→ TASK MATERIAL
+===+
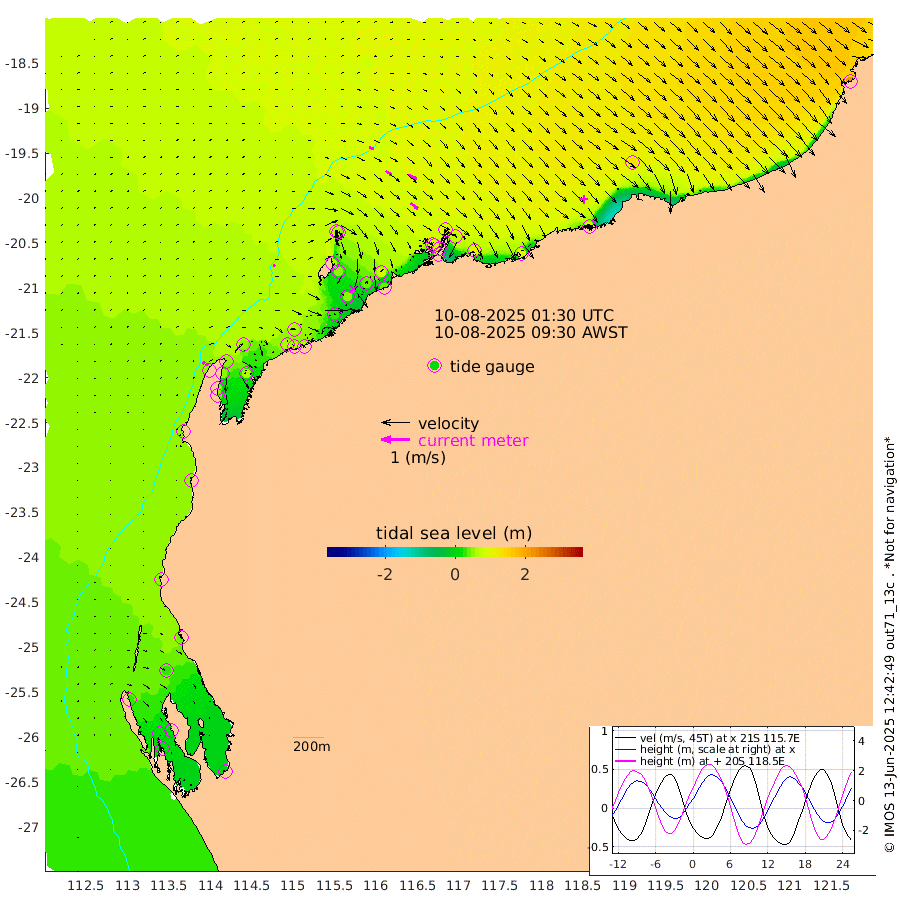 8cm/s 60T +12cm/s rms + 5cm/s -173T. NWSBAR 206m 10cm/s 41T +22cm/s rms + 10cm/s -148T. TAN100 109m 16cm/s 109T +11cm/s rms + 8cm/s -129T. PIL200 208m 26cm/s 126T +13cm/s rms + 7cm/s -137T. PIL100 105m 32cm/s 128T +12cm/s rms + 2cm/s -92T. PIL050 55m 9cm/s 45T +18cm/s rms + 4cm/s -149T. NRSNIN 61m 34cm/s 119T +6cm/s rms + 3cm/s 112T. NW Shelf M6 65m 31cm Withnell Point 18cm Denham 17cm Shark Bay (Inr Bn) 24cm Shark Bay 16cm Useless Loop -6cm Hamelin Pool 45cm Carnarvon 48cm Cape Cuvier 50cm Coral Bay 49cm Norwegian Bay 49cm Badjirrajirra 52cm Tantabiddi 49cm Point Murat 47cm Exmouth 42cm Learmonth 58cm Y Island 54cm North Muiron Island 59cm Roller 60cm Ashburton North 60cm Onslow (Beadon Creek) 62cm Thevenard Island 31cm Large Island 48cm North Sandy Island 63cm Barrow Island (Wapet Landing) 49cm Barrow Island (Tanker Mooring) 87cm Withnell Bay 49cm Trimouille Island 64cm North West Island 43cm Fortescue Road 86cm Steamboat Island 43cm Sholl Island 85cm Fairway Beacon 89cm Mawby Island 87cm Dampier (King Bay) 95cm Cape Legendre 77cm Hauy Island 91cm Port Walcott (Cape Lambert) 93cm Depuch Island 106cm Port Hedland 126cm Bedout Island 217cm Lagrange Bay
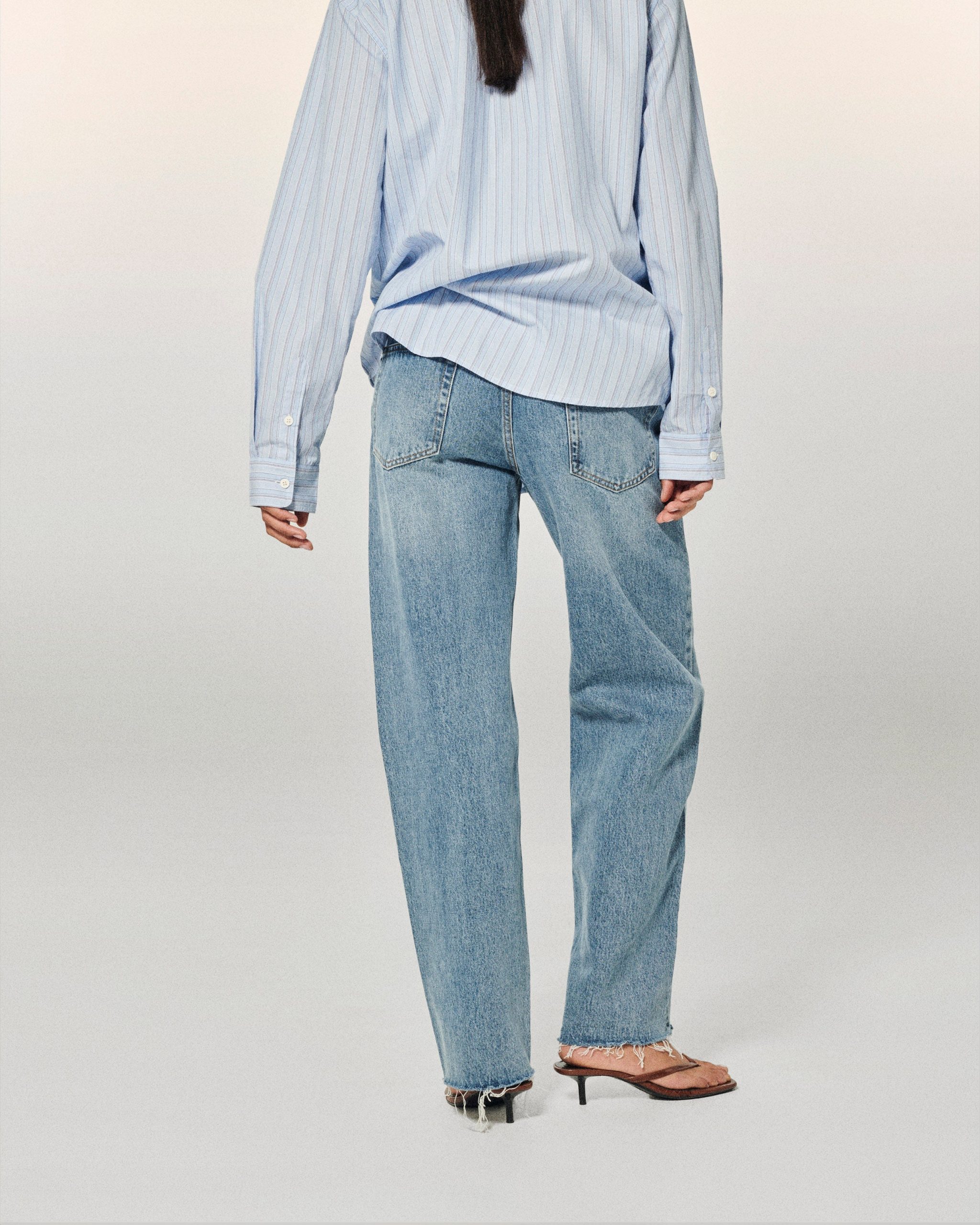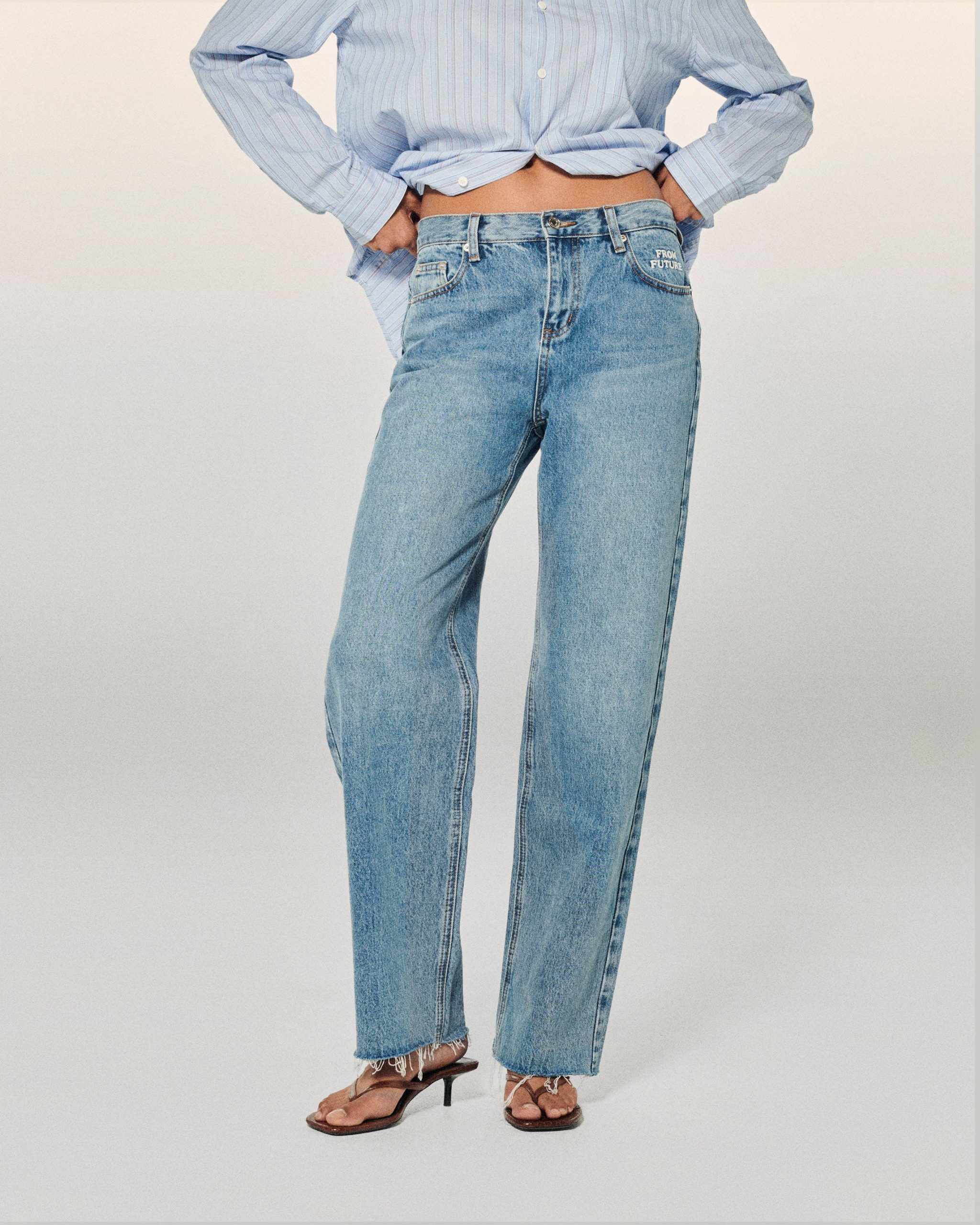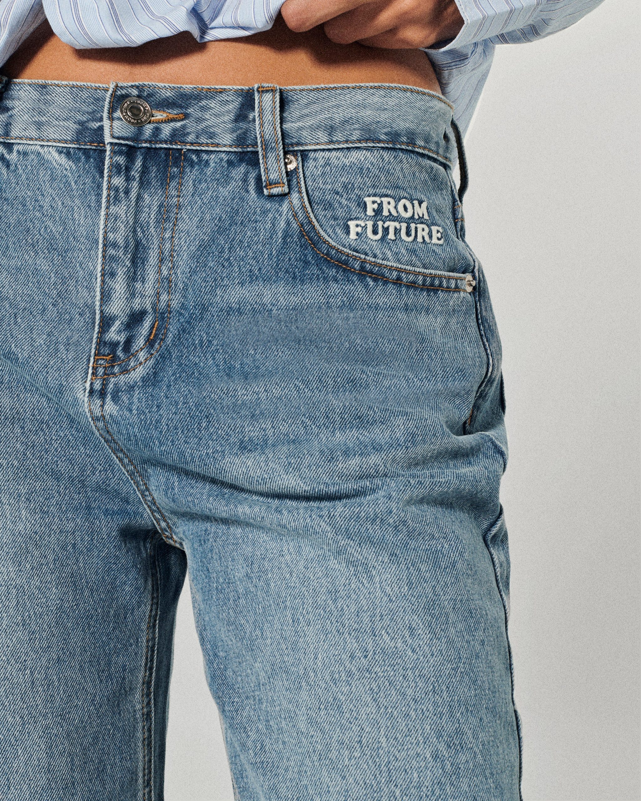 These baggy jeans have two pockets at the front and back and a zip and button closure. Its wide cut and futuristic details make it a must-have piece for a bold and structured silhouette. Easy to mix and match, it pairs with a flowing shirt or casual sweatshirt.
+===+
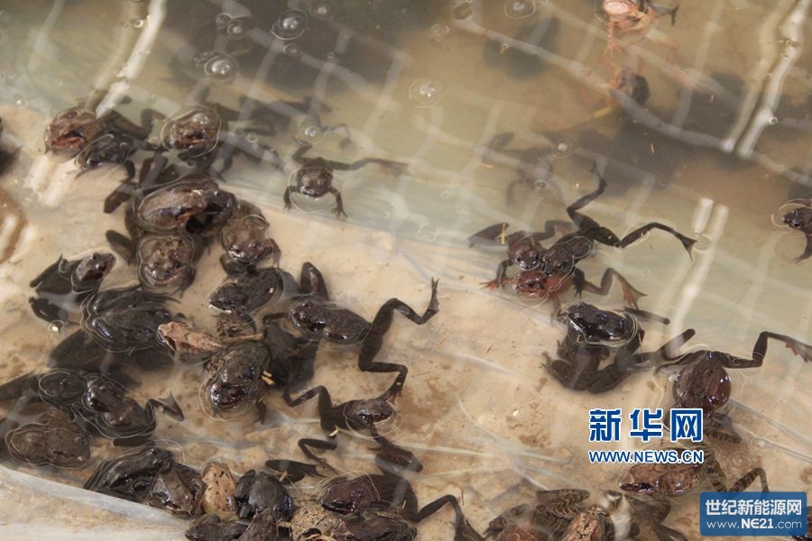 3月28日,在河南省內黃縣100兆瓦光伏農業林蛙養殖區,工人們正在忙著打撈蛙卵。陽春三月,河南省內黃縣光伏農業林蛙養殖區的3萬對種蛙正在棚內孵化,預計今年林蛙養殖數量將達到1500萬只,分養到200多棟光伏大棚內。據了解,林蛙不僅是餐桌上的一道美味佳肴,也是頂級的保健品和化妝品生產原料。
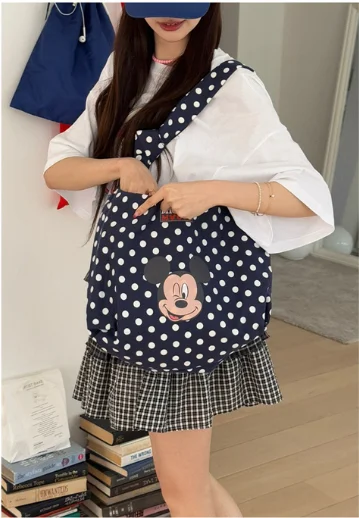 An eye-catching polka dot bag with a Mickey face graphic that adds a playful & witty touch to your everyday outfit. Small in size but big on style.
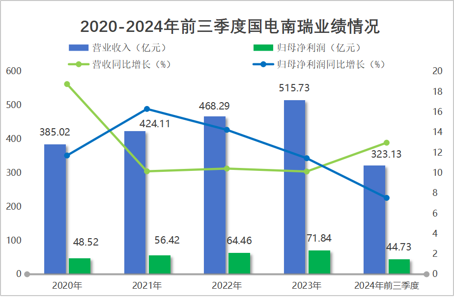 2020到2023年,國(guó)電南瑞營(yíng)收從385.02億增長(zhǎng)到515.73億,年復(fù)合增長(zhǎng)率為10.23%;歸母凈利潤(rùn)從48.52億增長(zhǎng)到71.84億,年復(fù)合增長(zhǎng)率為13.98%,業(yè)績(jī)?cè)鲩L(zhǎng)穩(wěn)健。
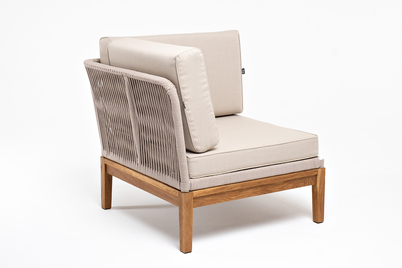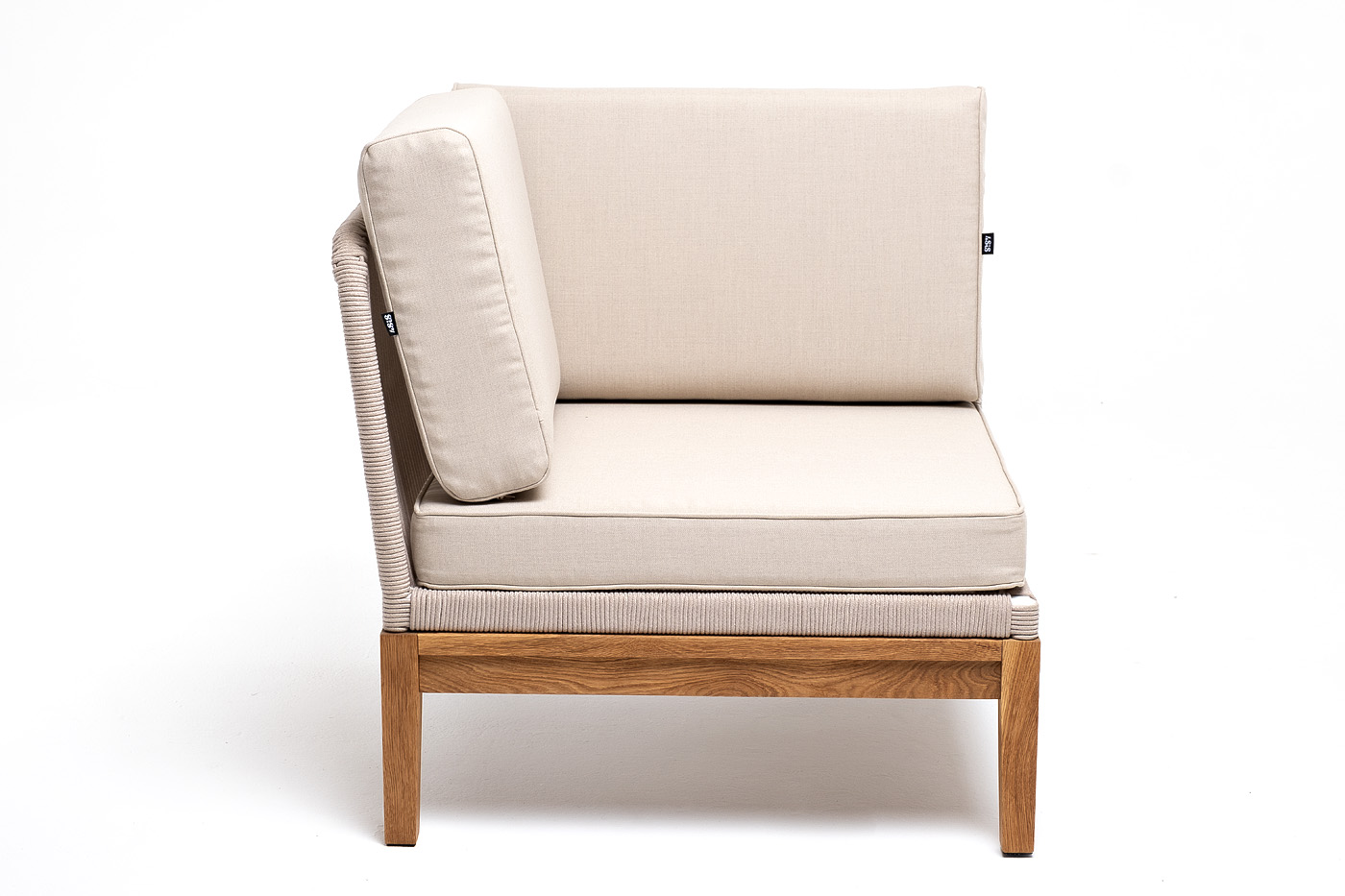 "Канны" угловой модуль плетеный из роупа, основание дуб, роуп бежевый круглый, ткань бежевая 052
+===+
→ ABOUT THIS TASK
Print, exactly and with no pictures, the lines of the listing above starting at the one that has "3月28日,在河南省內黃縣1" and ending at the one that has "ткань бежевая 052", both included.

→ SOLUTION TO THIS EXERCISE
 3月28日,在河南省內黃縣100兆瓦光伏農業林蛙養殖區,工人們正在忙著打撈蛙卵。陽春三月,河南省內黃縣光伏農業林蛙養殖區的3萬對種蛙正在棚內孵化,預計今年林蛙養殖數量將達到1500萬只,分養到200多棟光伏大棚內。據了解,林蛙不僅是餐桌上的一道美味佳肴,也是頂級的保健品和化妝品生產原料。
 An eye-catching polka dot bag with a Mickey face graphic that adds a playful & witty touch to your everyday outfit. Small in size but big on style.
 2020到2023年,國(guó)電南瑞營(yíng)收從385.02億增長(zhǎng)到515.73億,年復(fù)合增長(zhǎng)率為10.23%;歸母凈利潤(rùn)從48.52億增長(zhǎng)到71.84億,年復(fù)合增長(zhǎng)率為13.98%,業(yè)績(jī)?cè)鲩L(zhǎng)穩(wěn)健。
 "Канны" угловой модуль плетеный из роупа, основание дуб, роуп бежевый круглый, ткань бежевая 052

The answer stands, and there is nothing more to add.